Mobility and energy efficient services composition algorithm with QoS guarantee for large scale Cyber–Physical–Social Systems

Abstract

Due to the mobile and random nature of services in cyber–physical–social systems (CPSSs), developing service composition approaches that ensure high availability, minimal energy consumption, and high quality of service (QoS) remains a complex challenge. Over the last two decades, several service composition approaches have been proposed in the literature to deal with this challenge. Nevertheless, the existing approaches have certain limitations, particularly in situations where services may move from one location to another, become unavailable due to intensive battery usage, encounter failures, or undergo a decline in quality. These limitations often arise because these approaches do not simultaneously integrate mobility, energy, and QoS constraints while defining the user’s movement in a random manner. In this paper, the learning-based swarm optimization-aware service composition algorithm (LS-SCA) is proposed to overcome the aforementioned shortcoming. This approach surpasses existing ones by accounting simultaneously for the user’s mobility, energy, and QoS criteria during the service composition process. First, the Small World in Motion (SWIM) mobility model is employed in this study to determine the user’s mobility traces, avoiding the random generation of users’ traces.

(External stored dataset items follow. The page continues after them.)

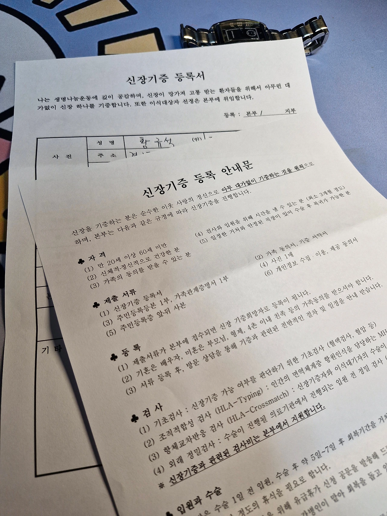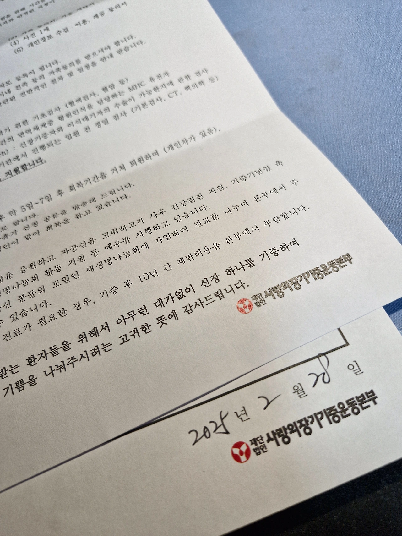 헌혈을 하면서도 뭔가 부족한 느낌이 들었습니다. 그렇습니다. 40년간 너무 반복(!)적인 일이라 사실 좀 지루하게 느껴진다는 것도 사실입니다. 물론 농담입니다. 그래서 오래전부터 생각해 왔던 일을 이제 실행에 옮길 때가 온 것 같습니다. 바로 신장기증을 실행하기로 한 것입니다. 일단 사전조사를 하고 사랑의 장기기증운동본부란 곳에 전화를 했습니다. 아무래도 가장 공신력 있는 기관에서 해야 안전하게 진행을 할 수 있을 것 같아서였습니다. 그래서 통화를 했습니다. 담당 팀장이신 사회복지사님과 매칭이 되어 기본적인 진행절차를 알게 되었습니다. 통화를 통해서 전체적인 과정을 잘 설명받았습니다. 그렇게 설명을 들으니 더 무상 기증에 대한 욕구가 커졌습니다. 그리고 최종 기증자의 동의를 구하고 확인하는 서류를 받았습니다.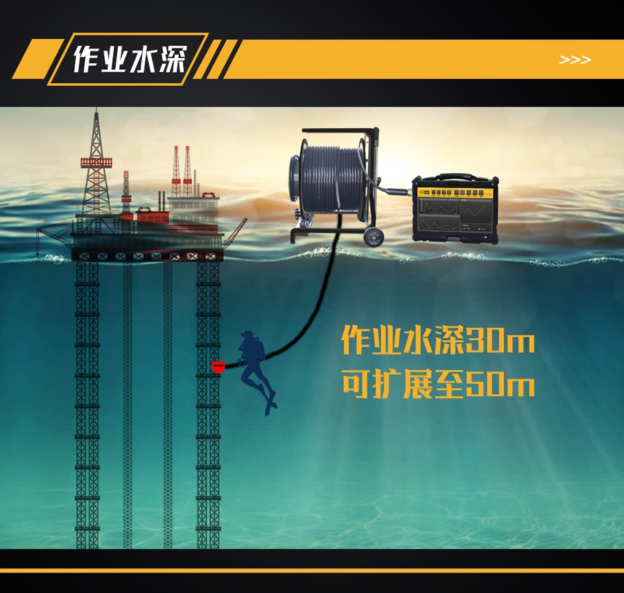 3、可檢測表面 350℃高溫中的非疲勞裂紋;可用于水下500m 深度結(jié)構(gòu)缺陷檢測;
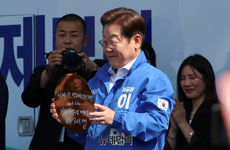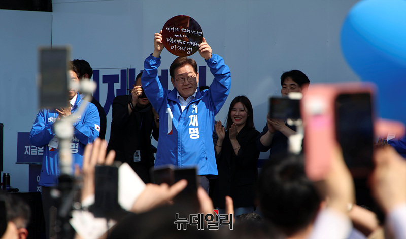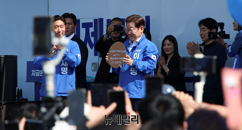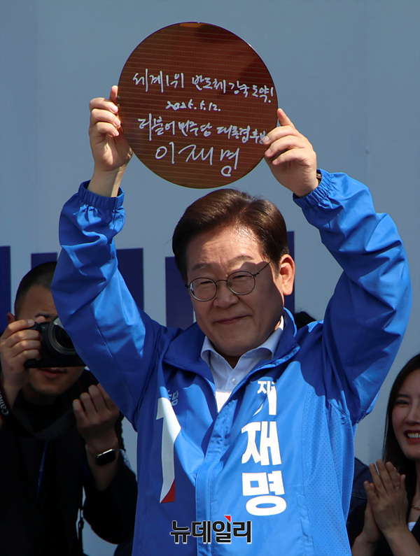 제21대 대통령선거 공식 선거운동이 시작된 12일 오후 경기 화성시 동탄 센트럴파크 음악분수중앙광장 유세장에서 이재명 더불어민주당 대통령 후보가 반도체 웨이퍼를 들어 보이고 있다.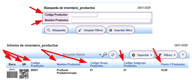 Resaltamos, que es de mucha utilidad cuando disponemos de bastantes productos la herramienta de búsqueda por código, si lo sabemos, o mejor aún por nombre de productos, ya que específicamente accedemos al mismo validando los detalles que lo conforman principalmente su código de barras y QR, seguido de demás códigos y precio.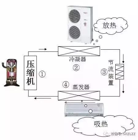 2、将来自压缩机的高压制冷剂蒸气冷凝成液体。在冷凝过程中,制冷剂蒸气放出热量,故需用水或空气来冷却。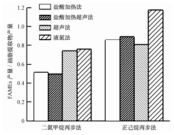 1)制備生物柴油兩步法中采用鹽酸加熱破壁的效果最好,而制備生物柴油一步法則是采用超聲破壁的產(chǎn)量最高.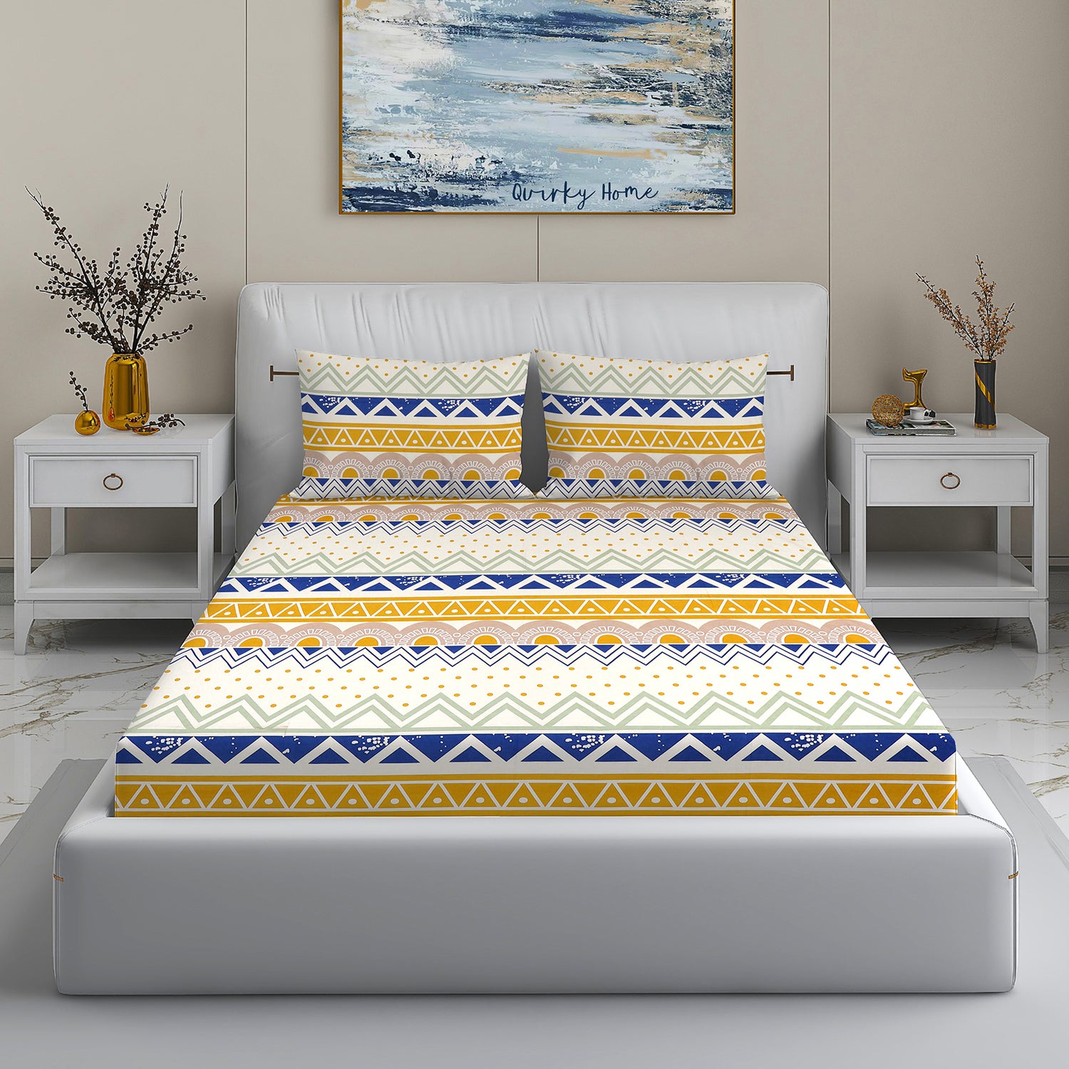 Wakeup INDIA StyleNest Printed Premium Cotton King Size Bedsheet with Two Pillow cover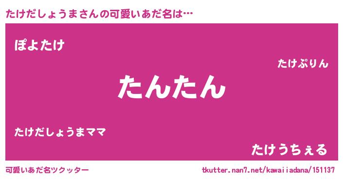 | ヘコむあだ名 | 『たけにー』『たけだしょうま(笑)』 |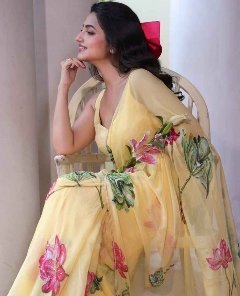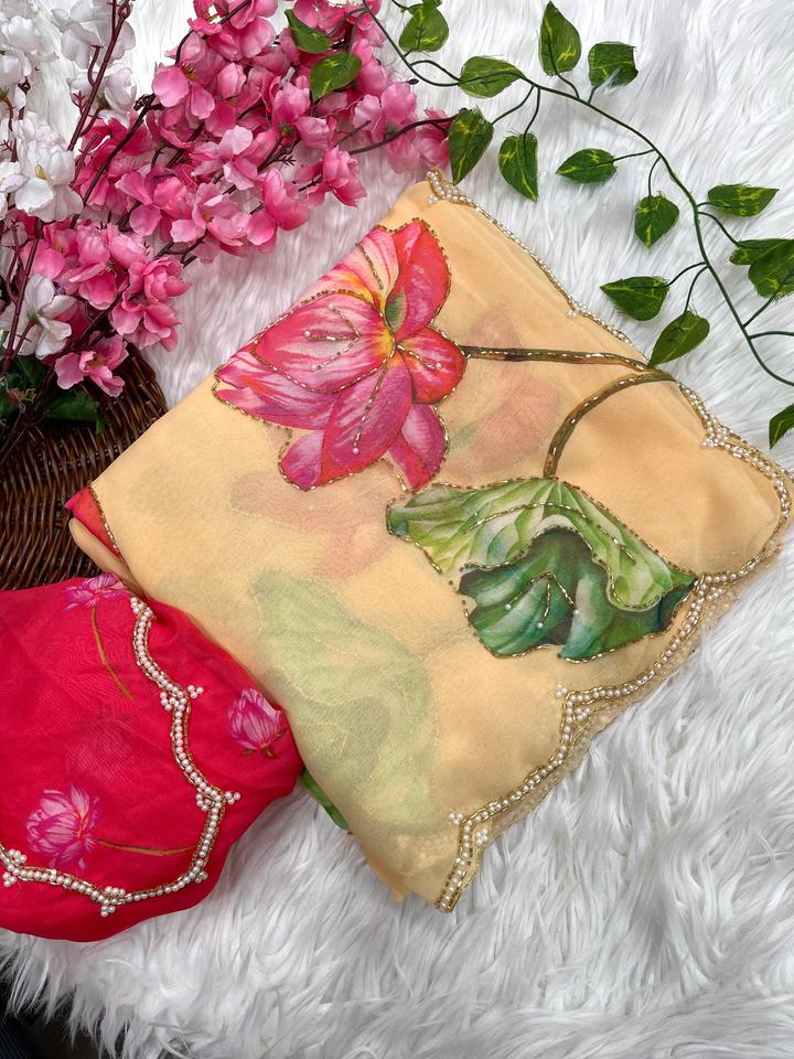 Excellent Quality Georgette With Floral Prints And Handwork Saree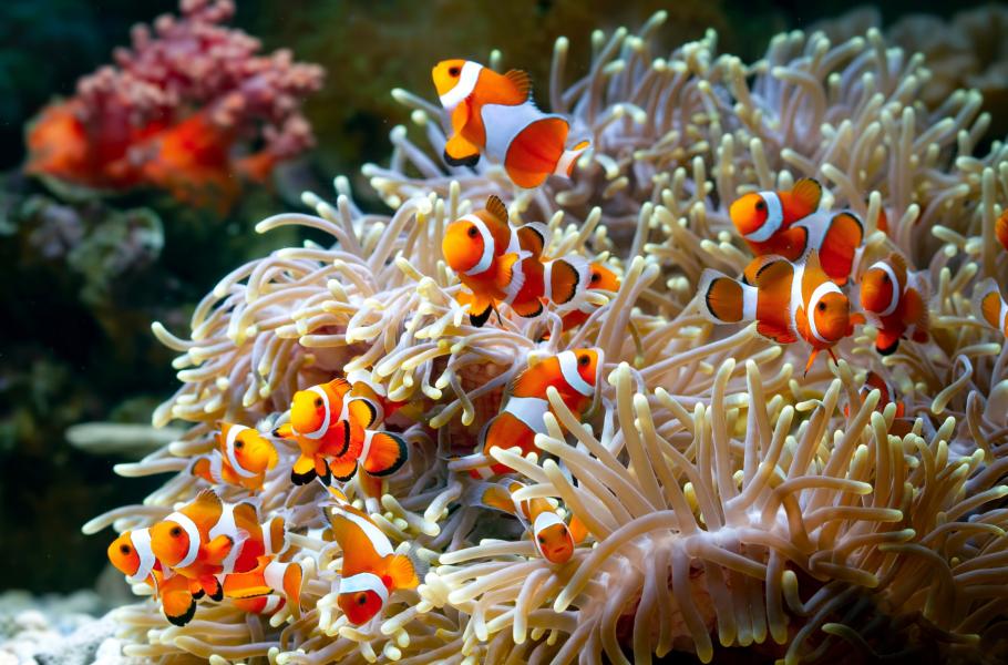 Klauni žijí v hloubkách do patnácti metrů a jejich útočištěm se často stávají mořské sasanky, jimž se zas daří v korálových útesech. Přestože jsou žahavé, klauni jim odolávají díky vrstvě ochranného slizu: Mohou se tedy skrýt v jejich útrobách a na oplátku je zbavují parazitů. (foto: Shutterstock)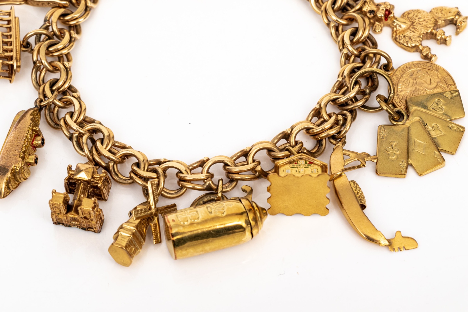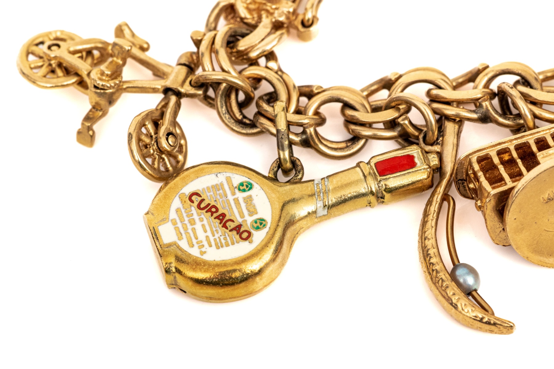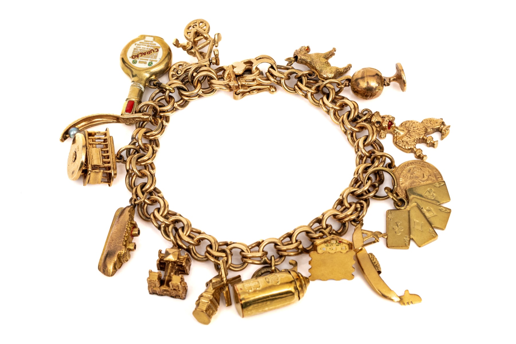 14k yellow gold fabulous vintage travel motif charm bracelet, with 14k, 10k and 9k assorted charms, finished with a hidden box style clasp and a figure eight safety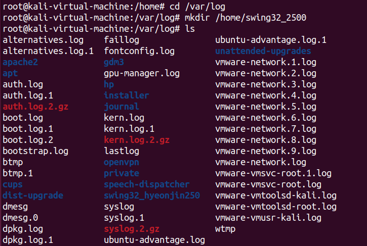 먼저 디렉토리 위치를 /var/log로 바꾼 다음, 해당 디렉토리에서 swing32_2500이라는 디렉토리를 생성했다. 아까와 달리 mkdir [특정 디렉토리 위치]/[새롭게 생성하는 디렉토리 명] 형식으로 작성한다. 아까의 경우를 생각해 보면, swing32_2500 디렉토리는 현재 위치한 /var/log디렉토리에 생성되야한다. 하지만 ls를 통한 디렉토리 목록을 보면, 새롭게 만든 디렉토리가 없는 것을 볼 수 있다.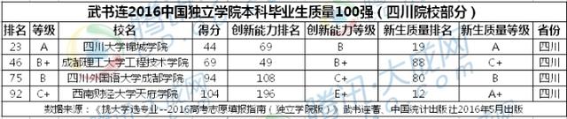 • 2016中國(guó)獨(dú)立學(xué)院排行榜公布 四川片區(qū)誰(shuí)最強(qiáng)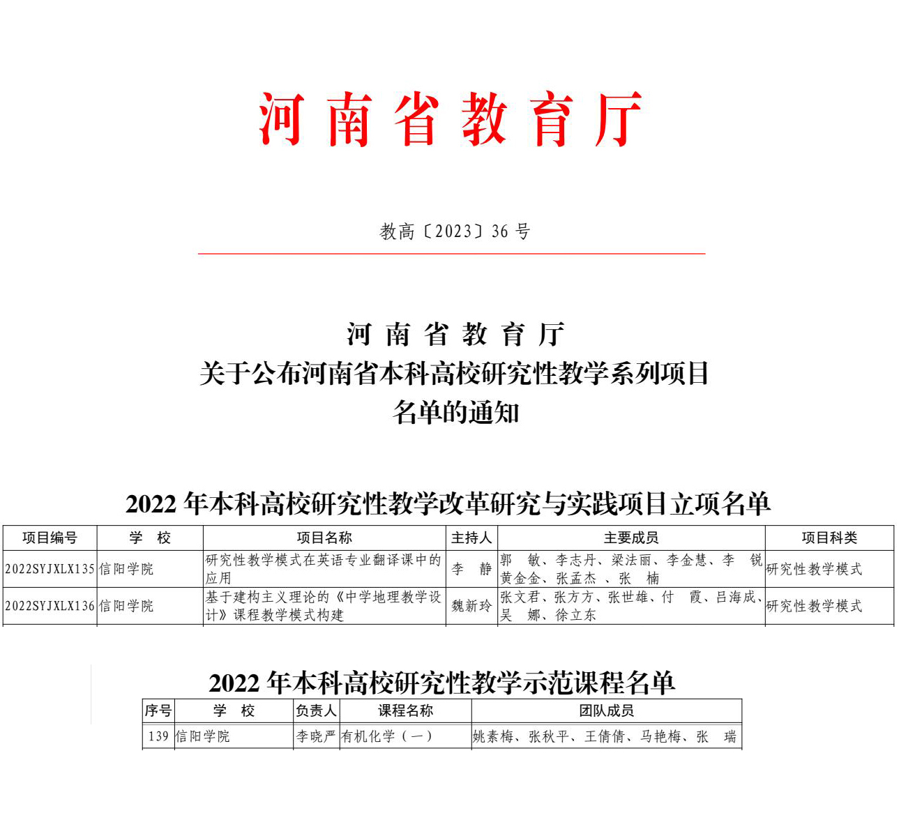近日,河南省教育厅下发《关于公布河南省本科高校研究性教学系列项目名单的通知》(教高〔2023〕36号),Beat365获批3项2022年度本科高校研究性教学改革研究与实践项目立项。
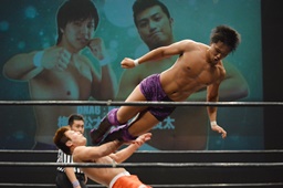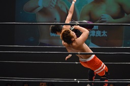 中津ロープに振る、梅田ロープに飛び乗って反転ハイキック(左写真)。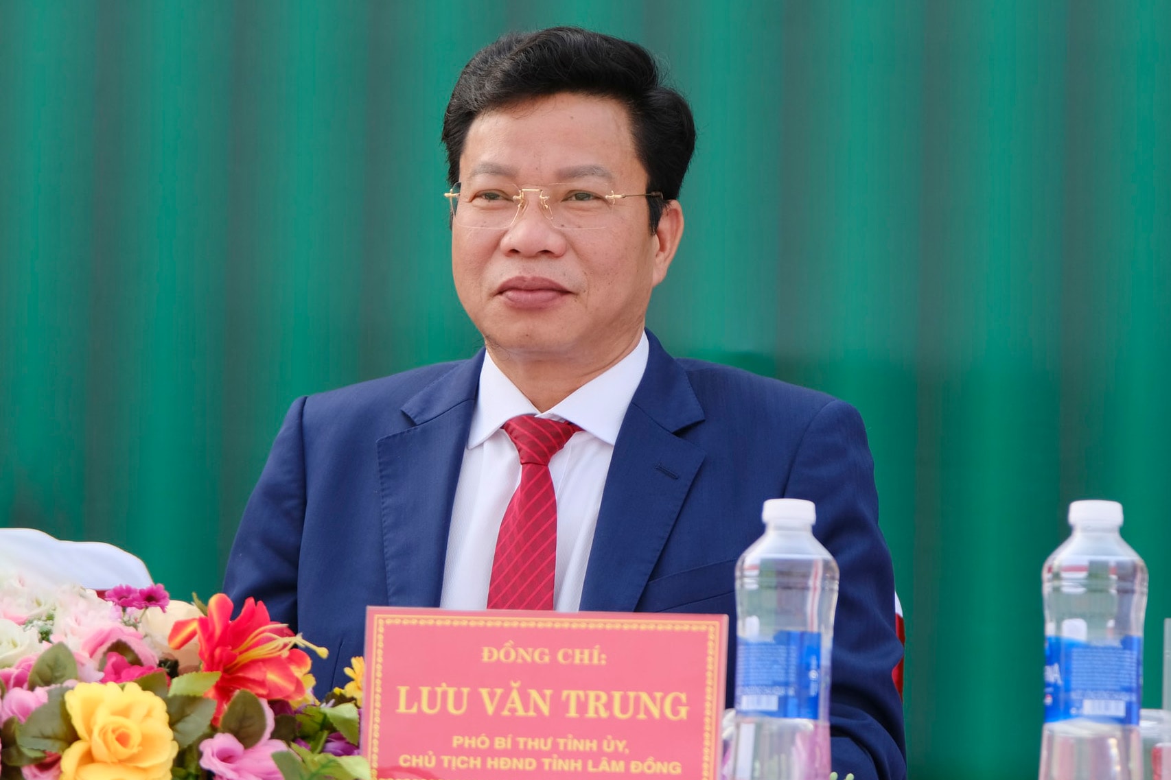 Đồng chí Lưu Văn Trung, Phó Bí thư Tỉnh ủy, Chủ tịch HĐND tỉnh Lâm Đồng cùng các đại biểu thực hiện nghi thức chào cờ

Second, an energy consumption model is proposed to increase the energy efficiency by avoiding the overuse of the devices’ batteries that can reduce the availability of services and lead to the composition failure. Third, the two-phase learning-based swarm optimizer (TPLSO) method is used in the composition process to find the sub-optimal composition that satisfies the global QoS constraints with the highest utility in terms of mobility, energy, and QoS. Unlike the most existing metaheuristic-based service composition approaches where the overall composition population is improved over a given number of iterations, the TPLSO method is exploited in this paper to improve only a subset of compositions, which reduces the composition time and increases the QoS utility of the composition. The simulation scenarios using two real datasets demonstrate that the LS-SCA approach outperforms six baselines in terms of energy consumption, QoS utility, and availability of composition. This notable performance makes the proposed approach more suitable for real-world applications where energy efficiency, QoS, and availability are crucial factors to consider.